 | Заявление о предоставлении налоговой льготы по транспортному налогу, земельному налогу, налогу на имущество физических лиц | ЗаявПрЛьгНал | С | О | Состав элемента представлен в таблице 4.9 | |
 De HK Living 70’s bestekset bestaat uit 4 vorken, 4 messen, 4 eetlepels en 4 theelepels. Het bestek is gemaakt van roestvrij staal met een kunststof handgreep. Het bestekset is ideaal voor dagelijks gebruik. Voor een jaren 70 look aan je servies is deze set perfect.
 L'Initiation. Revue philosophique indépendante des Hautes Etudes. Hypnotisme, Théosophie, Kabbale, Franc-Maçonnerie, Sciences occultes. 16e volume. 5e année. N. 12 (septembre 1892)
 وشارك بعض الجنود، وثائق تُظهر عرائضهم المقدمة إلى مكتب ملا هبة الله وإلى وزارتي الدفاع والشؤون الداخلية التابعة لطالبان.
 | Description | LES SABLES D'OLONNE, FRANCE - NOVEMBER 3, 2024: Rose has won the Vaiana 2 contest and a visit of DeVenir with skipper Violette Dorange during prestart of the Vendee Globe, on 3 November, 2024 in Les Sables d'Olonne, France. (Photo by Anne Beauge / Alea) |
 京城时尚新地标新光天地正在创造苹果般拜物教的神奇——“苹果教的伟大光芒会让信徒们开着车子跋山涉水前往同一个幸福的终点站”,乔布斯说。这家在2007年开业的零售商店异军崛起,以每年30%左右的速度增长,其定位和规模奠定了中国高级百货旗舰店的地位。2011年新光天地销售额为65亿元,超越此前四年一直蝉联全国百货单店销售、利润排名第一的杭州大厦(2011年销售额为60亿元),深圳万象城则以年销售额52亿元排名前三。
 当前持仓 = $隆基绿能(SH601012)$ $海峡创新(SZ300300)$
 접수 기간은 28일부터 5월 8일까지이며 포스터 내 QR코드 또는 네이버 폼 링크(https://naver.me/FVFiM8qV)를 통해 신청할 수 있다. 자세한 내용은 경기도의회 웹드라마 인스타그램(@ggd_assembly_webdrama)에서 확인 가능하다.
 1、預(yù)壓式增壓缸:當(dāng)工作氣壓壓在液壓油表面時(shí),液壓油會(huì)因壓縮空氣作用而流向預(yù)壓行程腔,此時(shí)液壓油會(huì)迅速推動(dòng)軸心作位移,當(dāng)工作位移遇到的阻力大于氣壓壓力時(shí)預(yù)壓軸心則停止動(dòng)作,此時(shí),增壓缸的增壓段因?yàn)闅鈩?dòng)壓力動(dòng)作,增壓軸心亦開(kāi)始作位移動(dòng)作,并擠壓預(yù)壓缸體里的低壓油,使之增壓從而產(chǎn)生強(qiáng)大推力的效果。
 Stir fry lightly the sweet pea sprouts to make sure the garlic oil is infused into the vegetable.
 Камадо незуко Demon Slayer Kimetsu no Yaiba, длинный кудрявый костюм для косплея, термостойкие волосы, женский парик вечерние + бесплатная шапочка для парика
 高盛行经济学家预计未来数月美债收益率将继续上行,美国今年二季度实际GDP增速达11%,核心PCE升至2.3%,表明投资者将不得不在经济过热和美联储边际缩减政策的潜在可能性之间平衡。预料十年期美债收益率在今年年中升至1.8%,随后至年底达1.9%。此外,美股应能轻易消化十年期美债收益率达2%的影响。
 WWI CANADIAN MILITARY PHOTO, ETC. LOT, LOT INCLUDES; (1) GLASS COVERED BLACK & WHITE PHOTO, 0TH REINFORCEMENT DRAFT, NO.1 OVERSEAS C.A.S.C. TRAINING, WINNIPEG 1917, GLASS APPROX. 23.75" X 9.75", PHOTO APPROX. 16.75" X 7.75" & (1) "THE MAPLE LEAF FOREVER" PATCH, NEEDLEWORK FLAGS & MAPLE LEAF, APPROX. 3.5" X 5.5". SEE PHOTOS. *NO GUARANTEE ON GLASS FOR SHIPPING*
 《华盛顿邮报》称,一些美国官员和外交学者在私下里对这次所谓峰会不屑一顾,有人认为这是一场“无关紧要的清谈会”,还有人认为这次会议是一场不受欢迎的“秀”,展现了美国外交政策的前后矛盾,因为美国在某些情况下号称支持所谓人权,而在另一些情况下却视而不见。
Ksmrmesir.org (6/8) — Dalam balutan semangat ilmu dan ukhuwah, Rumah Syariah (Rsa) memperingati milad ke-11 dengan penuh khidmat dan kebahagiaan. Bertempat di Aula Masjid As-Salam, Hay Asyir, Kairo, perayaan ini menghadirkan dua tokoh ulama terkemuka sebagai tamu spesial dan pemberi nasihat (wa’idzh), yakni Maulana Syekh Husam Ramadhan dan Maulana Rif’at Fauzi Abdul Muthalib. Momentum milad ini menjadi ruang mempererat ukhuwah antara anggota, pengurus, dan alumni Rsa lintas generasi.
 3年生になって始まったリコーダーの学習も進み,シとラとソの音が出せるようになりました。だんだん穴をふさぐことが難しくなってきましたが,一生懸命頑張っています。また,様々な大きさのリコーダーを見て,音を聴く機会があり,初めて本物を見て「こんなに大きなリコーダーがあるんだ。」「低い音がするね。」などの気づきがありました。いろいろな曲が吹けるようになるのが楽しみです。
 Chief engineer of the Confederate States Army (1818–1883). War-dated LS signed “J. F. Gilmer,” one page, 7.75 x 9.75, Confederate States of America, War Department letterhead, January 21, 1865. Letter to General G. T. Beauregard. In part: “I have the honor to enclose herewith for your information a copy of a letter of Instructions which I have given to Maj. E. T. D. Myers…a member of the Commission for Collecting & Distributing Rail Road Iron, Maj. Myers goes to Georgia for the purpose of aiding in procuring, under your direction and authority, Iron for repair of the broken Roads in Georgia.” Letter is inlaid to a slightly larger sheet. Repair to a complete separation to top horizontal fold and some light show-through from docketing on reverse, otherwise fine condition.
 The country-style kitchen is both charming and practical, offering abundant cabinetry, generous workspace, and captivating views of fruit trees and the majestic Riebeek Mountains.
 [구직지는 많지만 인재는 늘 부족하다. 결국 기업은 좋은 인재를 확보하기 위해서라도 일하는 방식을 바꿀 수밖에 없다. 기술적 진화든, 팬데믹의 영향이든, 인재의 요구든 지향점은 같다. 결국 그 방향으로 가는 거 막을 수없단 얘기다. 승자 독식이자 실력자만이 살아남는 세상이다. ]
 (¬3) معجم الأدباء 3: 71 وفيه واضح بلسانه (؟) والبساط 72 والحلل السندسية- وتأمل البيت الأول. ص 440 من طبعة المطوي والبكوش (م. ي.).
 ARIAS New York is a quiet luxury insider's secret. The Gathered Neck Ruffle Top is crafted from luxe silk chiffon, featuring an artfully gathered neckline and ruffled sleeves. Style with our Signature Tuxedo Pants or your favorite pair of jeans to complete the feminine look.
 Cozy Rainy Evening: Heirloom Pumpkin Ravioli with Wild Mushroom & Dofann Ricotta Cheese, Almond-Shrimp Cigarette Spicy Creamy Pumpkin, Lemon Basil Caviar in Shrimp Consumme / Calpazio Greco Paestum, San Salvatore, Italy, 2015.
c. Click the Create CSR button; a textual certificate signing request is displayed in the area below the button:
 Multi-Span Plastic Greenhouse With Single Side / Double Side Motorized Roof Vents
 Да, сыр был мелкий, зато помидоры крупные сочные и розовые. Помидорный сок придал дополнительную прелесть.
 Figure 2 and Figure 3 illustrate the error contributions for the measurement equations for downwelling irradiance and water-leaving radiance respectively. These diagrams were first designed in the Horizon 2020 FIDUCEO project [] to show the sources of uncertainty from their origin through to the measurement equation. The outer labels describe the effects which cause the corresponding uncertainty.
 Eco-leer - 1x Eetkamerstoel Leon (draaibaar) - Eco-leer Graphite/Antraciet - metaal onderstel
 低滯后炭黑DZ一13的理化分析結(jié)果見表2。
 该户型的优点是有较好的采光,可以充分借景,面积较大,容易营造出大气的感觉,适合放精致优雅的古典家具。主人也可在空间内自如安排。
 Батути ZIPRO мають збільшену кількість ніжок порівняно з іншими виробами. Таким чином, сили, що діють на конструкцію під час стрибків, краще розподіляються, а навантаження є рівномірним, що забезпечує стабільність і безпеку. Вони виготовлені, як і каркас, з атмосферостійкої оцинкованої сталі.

-- AIM OF THE EXERCISE --
Answer with a single number, the count of lines above that contain "look".

-- SOLVED PROBLEM --
2